*Brief*.
Look through the data below for the line with "Note: If you" and the line with "2LDKの間取りの中には、住", then transcribe exactly from the first through the second, leaving out all pictures.

*Listed records*.
╔══
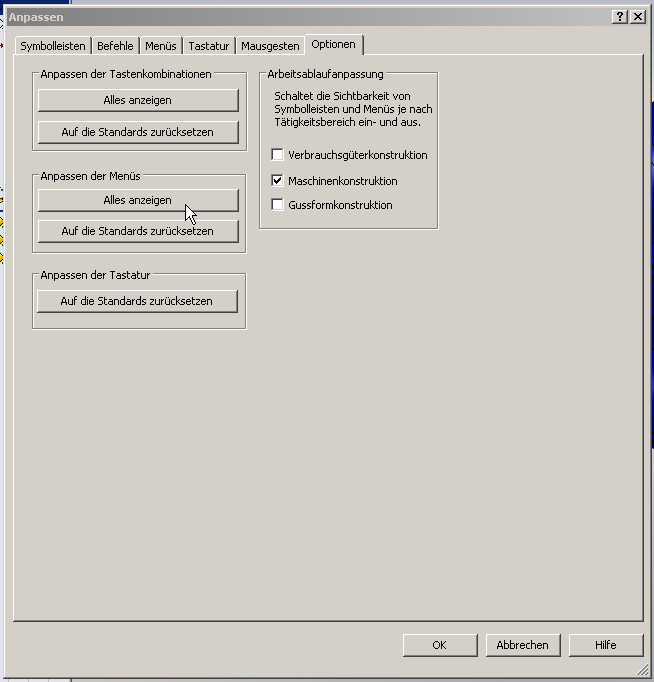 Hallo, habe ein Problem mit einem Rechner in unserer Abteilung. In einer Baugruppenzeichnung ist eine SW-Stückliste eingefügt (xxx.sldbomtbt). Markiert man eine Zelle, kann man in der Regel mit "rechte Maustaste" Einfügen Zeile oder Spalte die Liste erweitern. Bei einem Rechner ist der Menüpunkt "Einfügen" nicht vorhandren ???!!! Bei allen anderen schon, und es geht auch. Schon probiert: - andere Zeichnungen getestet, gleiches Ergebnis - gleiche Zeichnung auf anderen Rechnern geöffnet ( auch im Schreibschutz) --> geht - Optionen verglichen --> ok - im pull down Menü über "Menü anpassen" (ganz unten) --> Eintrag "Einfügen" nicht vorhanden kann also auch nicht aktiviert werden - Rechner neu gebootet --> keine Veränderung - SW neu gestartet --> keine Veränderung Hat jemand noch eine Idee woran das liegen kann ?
╚══
╔══
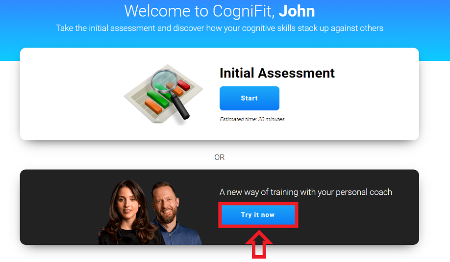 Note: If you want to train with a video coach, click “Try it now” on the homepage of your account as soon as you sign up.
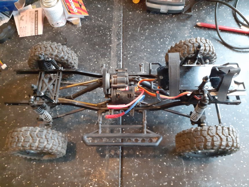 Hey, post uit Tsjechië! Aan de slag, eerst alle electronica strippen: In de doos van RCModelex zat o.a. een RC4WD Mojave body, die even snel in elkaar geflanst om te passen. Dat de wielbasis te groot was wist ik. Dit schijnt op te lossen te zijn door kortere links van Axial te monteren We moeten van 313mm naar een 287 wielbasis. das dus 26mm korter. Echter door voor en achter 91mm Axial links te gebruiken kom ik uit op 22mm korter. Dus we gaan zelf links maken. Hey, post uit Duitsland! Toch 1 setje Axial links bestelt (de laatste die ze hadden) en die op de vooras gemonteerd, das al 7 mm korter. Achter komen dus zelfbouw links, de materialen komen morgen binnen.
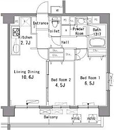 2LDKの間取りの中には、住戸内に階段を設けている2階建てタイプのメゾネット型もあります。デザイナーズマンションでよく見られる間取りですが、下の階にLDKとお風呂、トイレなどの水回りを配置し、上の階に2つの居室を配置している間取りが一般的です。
╚══
╔══
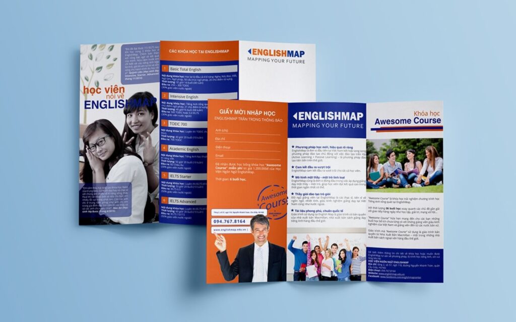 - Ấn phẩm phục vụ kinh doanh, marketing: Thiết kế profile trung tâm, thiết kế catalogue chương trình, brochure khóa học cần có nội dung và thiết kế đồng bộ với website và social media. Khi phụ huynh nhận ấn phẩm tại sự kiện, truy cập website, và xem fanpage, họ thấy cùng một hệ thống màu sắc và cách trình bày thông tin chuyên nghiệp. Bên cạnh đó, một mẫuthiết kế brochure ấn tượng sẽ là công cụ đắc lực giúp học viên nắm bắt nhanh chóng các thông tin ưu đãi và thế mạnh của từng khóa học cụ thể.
╚══
*Result*.
 Note: If you want to train with a video coach, click “Try it now” on the homepage of your account as soon as you sign up.
 Hey, post uit Tsjechië! Aan de slag, eerst alle electronica strippen: In de doos van RCModelex zat o.a. een RC4WD Mojave body, die even snel in elkaar geflanst om te passen. Dat de wielbasis te groot was wist ik. Dit schijnt op te lossen te zijn door kortere links van Axial te monteren We moeten van 313mm naar een 287 wielbasis. das dus 26mm korter. Echter door voor en achter 91mm Axial links te gebruiken kom ik uit op 22mm korter. Dus we gaan zelf links maken. Hey, post uit Duitsland! Toch 1 setje Axial links bestelt (de laatste die ze hadden) en die op de vooras gemonteerd, das al 7 mm korter. Achter komen dus zelfbouw links, de materialen komen morgen binnen.
 2LDKの間取りの中には、住戸内に階段を設けている2階建てタイプのメゾネット型もあります。デザイナーズマンションでよく見られる間取りですが、下の階にLDKとお風呂、トイレなどの水回りを配置し、上の階に2つの居室を配置している間取りが一般的です。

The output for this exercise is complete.